Dr. Logan spoke about his experiences as an educator of students in elementary school through college. “At every single level, I’ve had students, Black students in particular, who had no idea who we are as a people. I’ve had white students, Latinx students, Asian students who had no idea who we are as Black people. … Carter G. Woodson, almost 100 years ago, talked about the miseducation of the Negro. …That does not only impact the Negro, or the Black person or African American – it impacts us all. … We have all been miseducated by the system we are living in. This bill needs to be passed for the benefit of everyone,” said Dr. [Gilo Kwesi] Logan. . . .
At Evanston Township High School, some changes are being made to the elective Advanced Placement U.S. History course. “We are expanding it with a lens that allows students to explore their identity. Nicole Parker, the History Department Chair, is working with Shorefront [Legacy Center]. … We are making it so that students can see themselves in history,” Assistant Superintendent for Curriculum and Instruction Pete Bavis told the RoundTable.
In other words, “the promotion of a commonality of identity for all people” does not mean that students should believe that we are all a part of the human race” or that “we have more in common that unites us than what divides us.” The only “commonality” is that “we all have an identity” — and, it would appear, the “commonality of identity” must mean that “just as white students’ ancestry can be traced back to civilizations with achievements in literature, the arts, and technology, so, too, can black students be equally proud of the achievement of their ancestors.”

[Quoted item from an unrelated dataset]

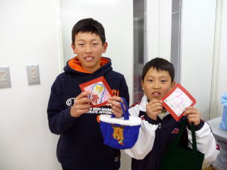 両チームキャプテン挨拶。キャプテンのさぶと小池なおきです。午前中は新木小でみんなでソフトボールを楽しみました。 試合開始です。バッターむー。ピッチャーみきひろママ。ブラックファイターズ、イエローファイターズ、ホワイトファイターズ、レッドタイガースの4チームに分かれてソフトボールをしました。 サンタクロースの格好をして打席に立つ柴田コーチ。 今日は12月25日のクリスマスですから。 ホームランを打ってベンチに戻る柴田コーチ。 ピッチャーじお、バッターみく。 トナカイのマスクをかぶって打席に入る金子コーチ。 応援する子供たちとお母さん方。 ゲームセット!試合終了です。 全身トナカイコスチュームで主審をする我孫子市少年野球審判部所属の柴田コーチ。 キャプテン挨拶。がおと小池なおき。 トナカイ柴田コーチピッチャーとキャッチャーサンタがおの親子 バッテリーです。 サンタがおを見守るがおパパトナカイの柴田コーチ。 今度はお母さんチームvs子供チームで対戦です。お互いに礼。 カズママvsカズの親子対決です。 お母さんチームのベンチです。 最後の試合のお母さんチームvs子供チームの試合が終わりました。 お母さんチームvs子供チームは8-0で子供チームの勝ちでした。これで午前中のレクは終了です。みんな楽しかったね! 午前中の新木小でのソフトボールが終わってから一旦帰宅し家で昼食を取ってから午後1時頃に新木行政サービスセンターに集まりみんなでクリスマス会をしました。 団長挨拶。 クリスマス会の会場。 みんなで持ちよったプレゼント交換用のプレゼントです。 ジュースで乾杯です。 まずはお母さん方からみんなへのプレゼントです。何が入っていたのかな? そしてお楽しみのくじ引きです。1年生のいっぺいです。 特賞のおおさくと3等のなおや。おおさくの特賞は監督の千本ノックで、なおやの3等は加藤コーチのお勉強付き添い指導券でした!これで成績アップ間違いなし? 2等の小池なおきと1等のがおです。2等は柴田コーチによるバリカン丸刈り坊主無料券でした。これで野球部で坊主にするときに床屋に行かなくてすむかな? 3年生トリオのこまっちゃん、トーマ、こうへい。くじ引きで引いたのは、「やりたい守備のポジションを大きな声で」と「尻文字を書く」でした。 これまで体験入団で参加の2年生、こまばくんも午前から参加でした。ついに入団してくれました!やったね! こちらは 「うんちょこちょこびー!をみんなの前で3回」 が当たったみんなでした。おおさく弟は兄貴と違っておしゃべりでひょうきんで、元気よくウンチョコチョコビー!をしてました。あとで兄貴に「みんなの前でできるか?」と聞いたらできないと言ってました。兄弟で性格が違うケースはよく見ます。 こちらは尻文字を書くが当たったみんなです。お尻で「ファイターズ」と書きました。 尻文字を書くのを前から見た絵です。写真に写りたがらないしがが写っています。 こちらはやりたいポジションを大きな声でが当たったみんなです。むーはファーストをやりたいとのこと。 1等賞が当たったがお。1等賞は実川コーチからの愛のプレゼントでした(笑) 今度はビンゴ大会です。5年のみきひろ、りゅうや、ゆうと、おの。 お目当ての数字を呼ばれガッツポーズのとき。 ビンゴに当たった順にみんなが持ってきたプレンゼントを選びます。 最後に監督挨拶です。 午後3時前にクリスマス会が終わり、新木行政サービスセンターを出る子供たち。楽しいクリスマス会でした。企画してくれたお母さん方に感謝です。 夕方からは焼肉でん我孫子根戸店で団長、監督コーチ、お母さん方と子供たちでファイターズ忘年会です。お店の送迎バスで新木駅とヤックスに集合して向かいました。今回は焼肉店ということもあり子供も参加可でした。焼肉を食べる子供たち。手前は2009年度卒団生のたいごとれい。みんなで食べまくりだぁ! 忘年会最後の締めの挨拶です。忘年会幹事の加藤コーチ夫妻大変お疲れ様でした! 今回29人参加で401人前もの焼肉をたいらげたそうです! 今年一年お疲れ様でした。来年もがんばりましょう!

Finally, the RoundTable reporting also provided more context for the bill:
HB4954 passed 14-7 when it went before the Illinois House Committee in early March. The state legislative session was suspended in response to COVID-19 in mid-March, when the bill was scheduled to go before the full Illinois House of Representatives for a vote. Supporters are now looking toward the fall legislative session for passage of the bill.
And the bills’ supporters claimed that they had gained many new supporters who recognized the importance of their bill. Was that claimed support genuine, or the result of no one being willing to say what should be said, that this is nonsense? It would be dangerous indeed for this bill to become law, but the risk is greater than I’d like, if politicians feel obliged to vote for it lest they be deemed insufficiently anti-racist. After all, how do you build a curriculum in which black children are explicitly taught about “race identity” without teaching white children exactly the sort of “race identity” lesson you don’t want them to learn?